(Collected data)
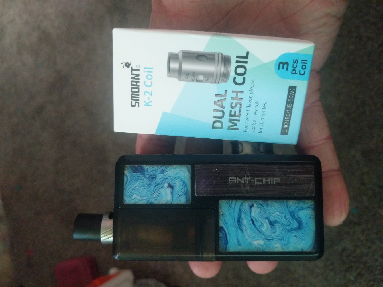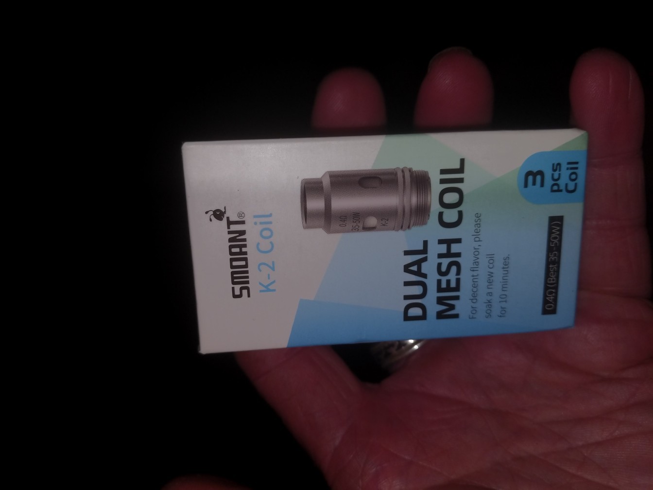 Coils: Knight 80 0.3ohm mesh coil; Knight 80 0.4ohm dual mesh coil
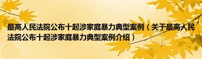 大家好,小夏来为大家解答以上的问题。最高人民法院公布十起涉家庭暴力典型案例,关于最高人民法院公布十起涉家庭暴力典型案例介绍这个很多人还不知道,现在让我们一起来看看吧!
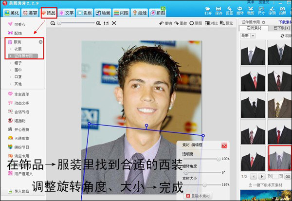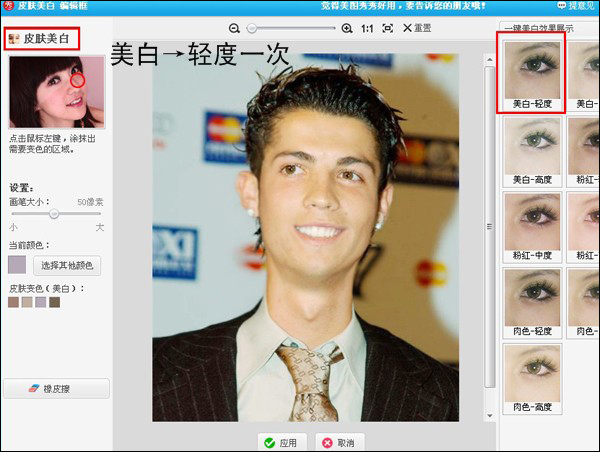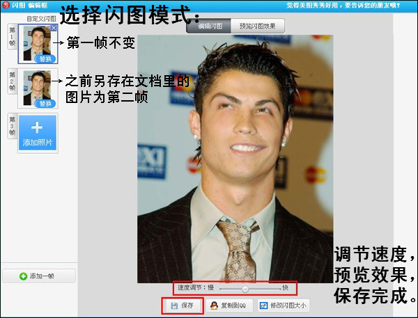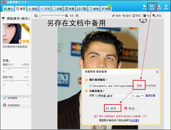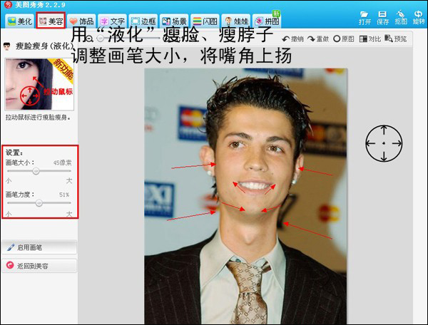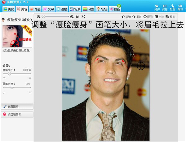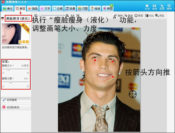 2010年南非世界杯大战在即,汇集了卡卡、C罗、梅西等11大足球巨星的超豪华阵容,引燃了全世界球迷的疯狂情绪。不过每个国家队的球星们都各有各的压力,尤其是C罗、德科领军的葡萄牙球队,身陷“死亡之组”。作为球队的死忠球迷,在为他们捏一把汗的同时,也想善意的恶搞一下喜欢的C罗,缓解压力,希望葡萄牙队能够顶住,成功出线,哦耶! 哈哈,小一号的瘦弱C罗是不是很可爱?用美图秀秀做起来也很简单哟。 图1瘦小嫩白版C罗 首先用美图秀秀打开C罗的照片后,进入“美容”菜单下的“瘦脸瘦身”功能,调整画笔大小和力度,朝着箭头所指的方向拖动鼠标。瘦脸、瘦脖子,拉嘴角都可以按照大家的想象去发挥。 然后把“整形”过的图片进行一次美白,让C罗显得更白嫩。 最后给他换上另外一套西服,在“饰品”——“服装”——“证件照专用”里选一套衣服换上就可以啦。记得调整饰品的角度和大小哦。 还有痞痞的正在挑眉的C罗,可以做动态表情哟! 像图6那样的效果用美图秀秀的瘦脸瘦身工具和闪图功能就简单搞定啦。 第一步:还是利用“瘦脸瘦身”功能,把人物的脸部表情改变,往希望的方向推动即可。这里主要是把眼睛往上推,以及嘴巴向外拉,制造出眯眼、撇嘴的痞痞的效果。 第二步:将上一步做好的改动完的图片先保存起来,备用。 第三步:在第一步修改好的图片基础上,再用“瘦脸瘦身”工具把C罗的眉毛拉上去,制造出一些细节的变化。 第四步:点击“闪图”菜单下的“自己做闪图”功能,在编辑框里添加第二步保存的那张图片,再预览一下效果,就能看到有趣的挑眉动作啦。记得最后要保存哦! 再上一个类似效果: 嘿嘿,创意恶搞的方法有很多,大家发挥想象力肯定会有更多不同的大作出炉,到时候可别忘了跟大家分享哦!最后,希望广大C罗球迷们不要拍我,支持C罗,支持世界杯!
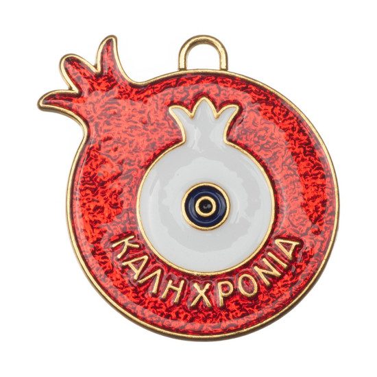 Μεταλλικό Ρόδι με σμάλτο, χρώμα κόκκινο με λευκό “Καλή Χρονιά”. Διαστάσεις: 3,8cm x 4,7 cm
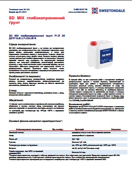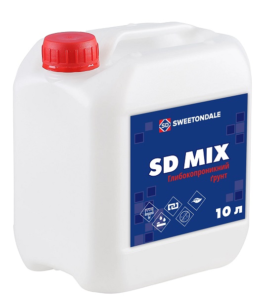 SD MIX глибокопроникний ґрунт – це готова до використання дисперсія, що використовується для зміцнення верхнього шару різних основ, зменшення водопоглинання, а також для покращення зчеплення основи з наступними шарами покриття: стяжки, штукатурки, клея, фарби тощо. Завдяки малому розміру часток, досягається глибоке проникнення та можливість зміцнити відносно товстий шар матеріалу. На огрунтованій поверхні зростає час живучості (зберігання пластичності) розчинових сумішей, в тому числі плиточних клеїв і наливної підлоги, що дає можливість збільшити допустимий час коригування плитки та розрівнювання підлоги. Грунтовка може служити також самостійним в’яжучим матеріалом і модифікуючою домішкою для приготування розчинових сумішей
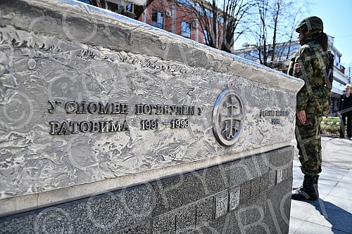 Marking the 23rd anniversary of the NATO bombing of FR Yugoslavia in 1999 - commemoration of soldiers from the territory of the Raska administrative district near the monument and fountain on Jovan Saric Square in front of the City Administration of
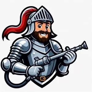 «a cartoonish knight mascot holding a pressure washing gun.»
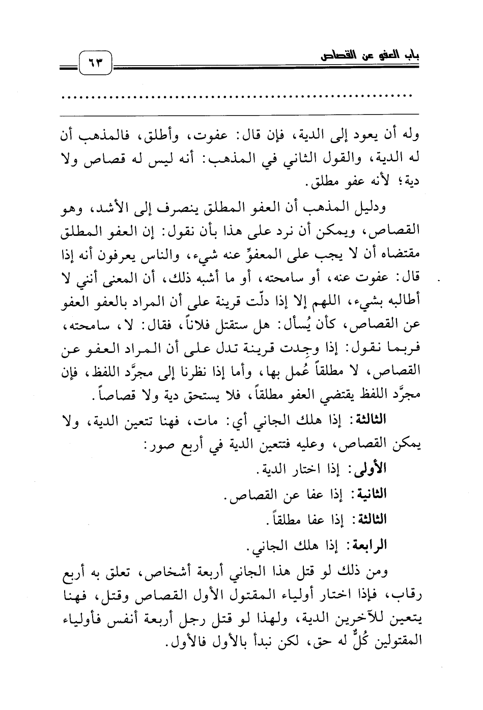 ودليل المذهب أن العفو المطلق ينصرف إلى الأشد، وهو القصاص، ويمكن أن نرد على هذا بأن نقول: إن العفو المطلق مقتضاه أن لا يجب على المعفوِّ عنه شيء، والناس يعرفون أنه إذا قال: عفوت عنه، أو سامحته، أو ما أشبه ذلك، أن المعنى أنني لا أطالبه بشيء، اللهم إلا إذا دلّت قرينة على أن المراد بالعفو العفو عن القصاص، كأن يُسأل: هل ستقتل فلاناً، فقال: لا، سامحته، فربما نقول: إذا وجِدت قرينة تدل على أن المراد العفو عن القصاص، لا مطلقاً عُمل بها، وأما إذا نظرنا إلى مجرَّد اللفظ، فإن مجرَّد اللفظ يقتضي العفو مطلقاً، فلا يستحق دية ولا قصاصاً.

Goal of the exercise — Copy exactly what appears in the entries, beginning with the first line and ending with the line that has "大家好,小夏来为大家解答以上", but not the pictures.

Answer below —
 Coils: Knight 80 0.3ohm mesh coil; Knight 80 0.4ohm dual mesh coil
 大家好,小夏来为大家解答以上的问题。最高人民法院公布十起涉家庭暴力典型案例,关于最高人民法院公布十起涉家庭暴力典型案例介绍这个很多人还不知道,现在让我们一起来看看吧!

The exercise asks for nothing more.